GuyAllard / markov_clustering

markov clustering in python
MIT License
168 stars 37 forks source link

how can i get the before node name? #8

Open hurun opened 6 years ago

hurun commented 6 years ago

when i use the below command,i want get the node name before clustering ,how i should program to get it. result = mc.run_mcl(matrix)
clusters = mc.get_clusters(result)

Moonire commented 6 years ago

Please specify your inputs and the output you desire, because i'm not sure what do you mean exactly.

Mataivic commented 6 years ago

I think I got the same issue ;

I have previously built a network with networkx, from a pandas adjacency table :

Matrice = pd.read_csv('adj_matrix.csv', sep=',', index_col=0, header=0)
network = nx.from_pandas_adjacency(df=Matrice, create_using=nx.Graph())

My labels are formatted as follow : 'OTUxx' , where xx is a number from 1 to several digits.

      | OTU85 | OTU58 | OTU95 | ...
______________________________________
OTU85 | 
OTU58 |          the adjacency table
OTU95 | 
...

When I apply the MCL algorithm and draw the clustered graph (with random positions) with nodes labels :

matrix = nx.to_scipy_sparse_matrix(network)
result = mc.run_mcl(matrix)
clusters = mc.get_clusters(result)
positions_random = {i:(random.random() * 2 - 1, random.random() * 2 - 1) for i in range(network.number_of_nodes())}
mc.draw_graph(matrix, clusters, pos=positions_random, node_size=25, with_labels=True, edge_color="silver")

The labels aren't the same anymore : nodes are only labelled by numbers, starting at 0. I don't know if the modification happens in nx.to_scipy_parse(), the mc.run_mc(), or the mc.get_clusters() commands.

How can I make a correspondance between my initial labels and the final labels ?

Moonire commented 6 years ago

I see what the problems is thank you @Mataivic . I'll look into it in the coming days.
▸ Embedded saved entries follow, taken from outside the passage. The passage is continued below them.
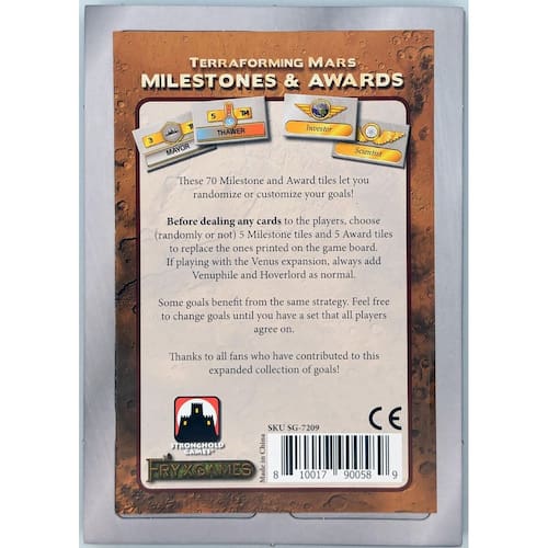 Stronghold Games Terraforming Mars Milestones and Awards - Jogo de tabuleiro de estratégia - para 1 a 5 jogadores e maiores de 12 anos - Novos marcos: alcançar objetivos significativos como "Terraformer" e "Gardener", recompensando o planejamento estratégico e o gerenciamento de recursos. - Prêmios dinâmicos: competir por vários prêmios com base em suas contribuições para o desenvolvimento de Marte, incluindo o "Best Builder" e "Best Terraformer" - Jogabilidade aprimorada: adicione novas camadas de competição e emoção enquanto você se esforça para ofuscar seus oponentes enquanto avança no ambiente de Marte.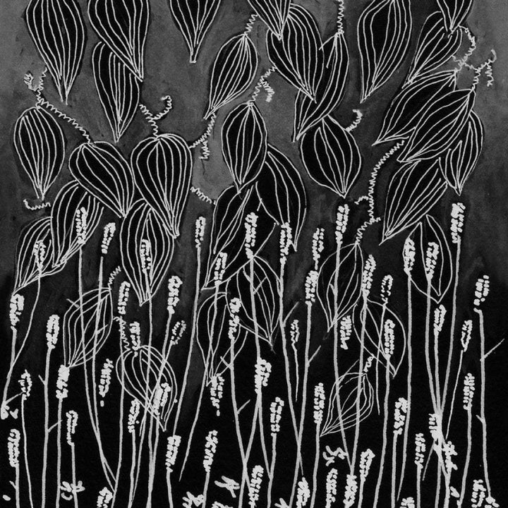 Better Then Ever Tapete Wall & Deco. Benutzerdefinierte Tapete mit stimmungsvoller Vegetation aus Blättern und Federn auf einem ruhigen, ruhigen Tapete. Tapete Better Then Ever Ines Porrino 2019 Wall & Deco.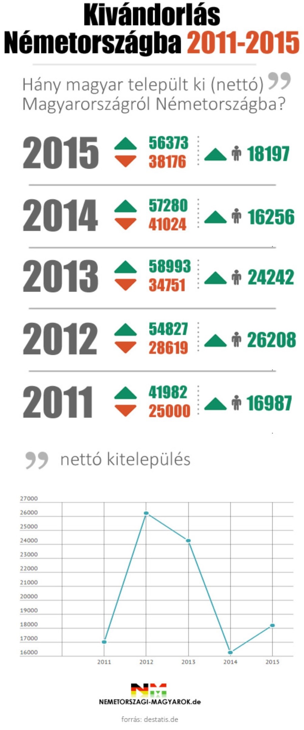 Hány magyar költözött ki Magyarországról Németországba 2011-2015 között? Hányan költöztek haza?
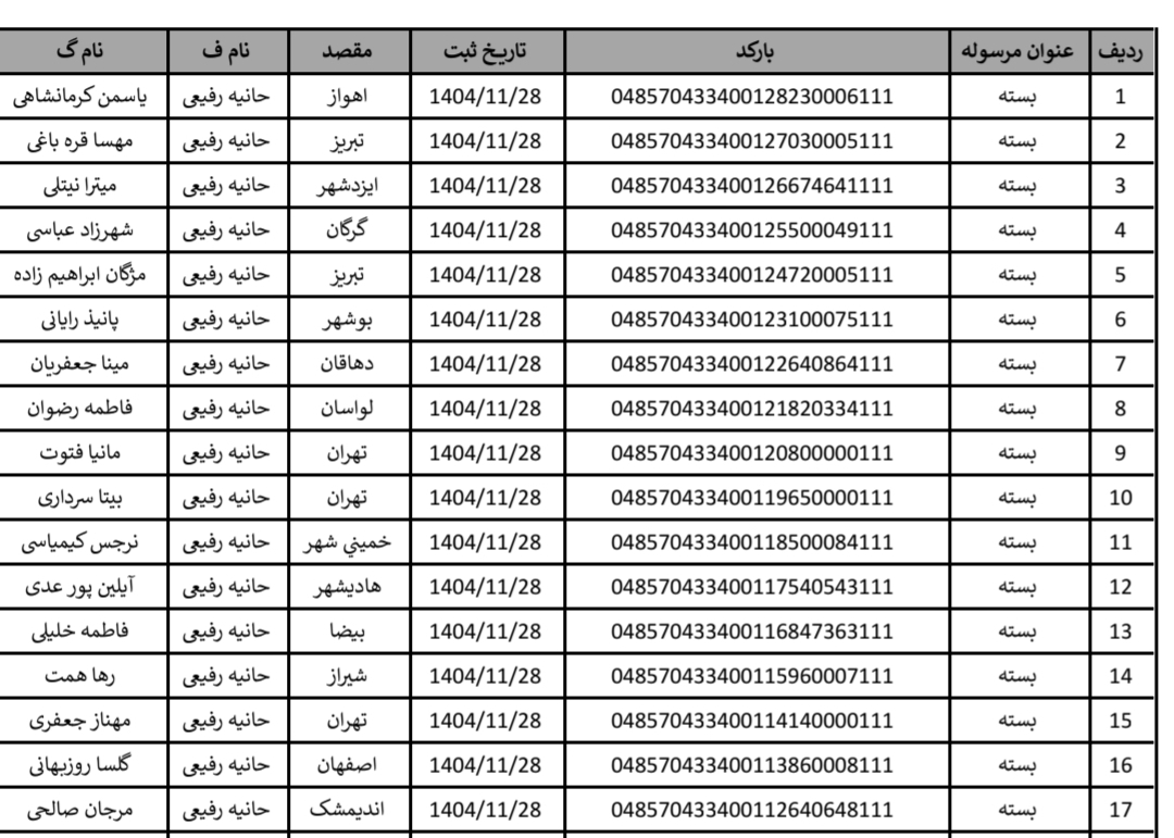 لیست ارسالی های 28 بهمن ماه تاریخ: چهارشنبه 29 بهمن 1404 - 11:17 نویسنده: مغازه صفحه: لیست روزانه ارسالی های جانا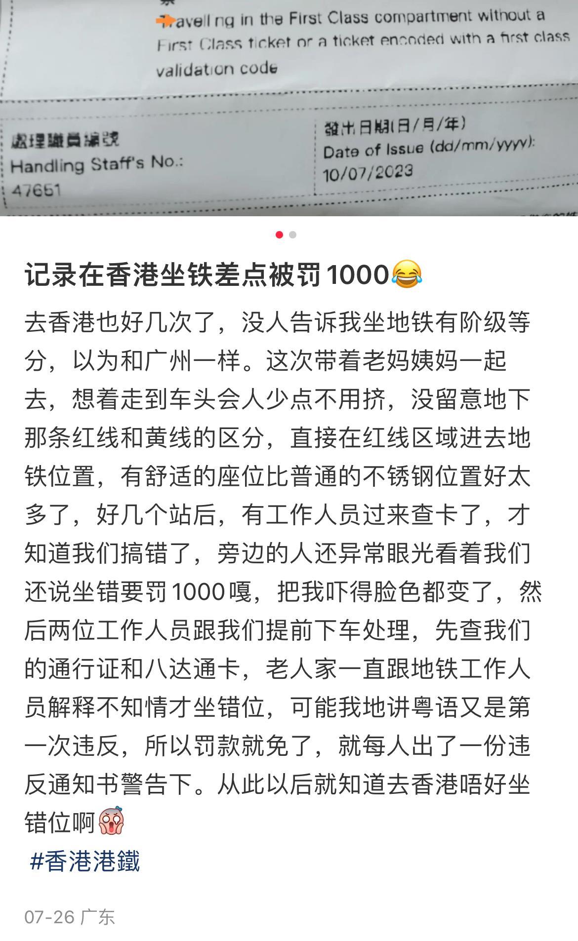 事主上載《違反附例通知書》的相,其中列明她與家人違反的附例為15(1)(aa)「乘搭頭等車廂而未持有頭等車票或沒有頭等核准記錄的車票」。通知書上強調「若你再次違反港鐵附例,可被檢控」,意味今次事主未被控,亦毋須罰款。

This issue will stay open meanwhile.

Feel free to submit a trick to avoid the problem if you find on, or a PR if you can add it as an option.

GuyAllard commented 6 years ago

The scipy matrices that are used by the library don't support row and column names, so that information doesn't get used. The order of row and columns is unchanged, so the indexes of all nodes is consistent. I think that the issue can be solved by allowing a list of node labels to be passed to mc.draw_graph.

hkarakurt commented 4 years ago

Hello, Is that issue solved? I also need node labels or names instead of indices in the results. I cannot draw graph due to my network is really big (~17000 nodes).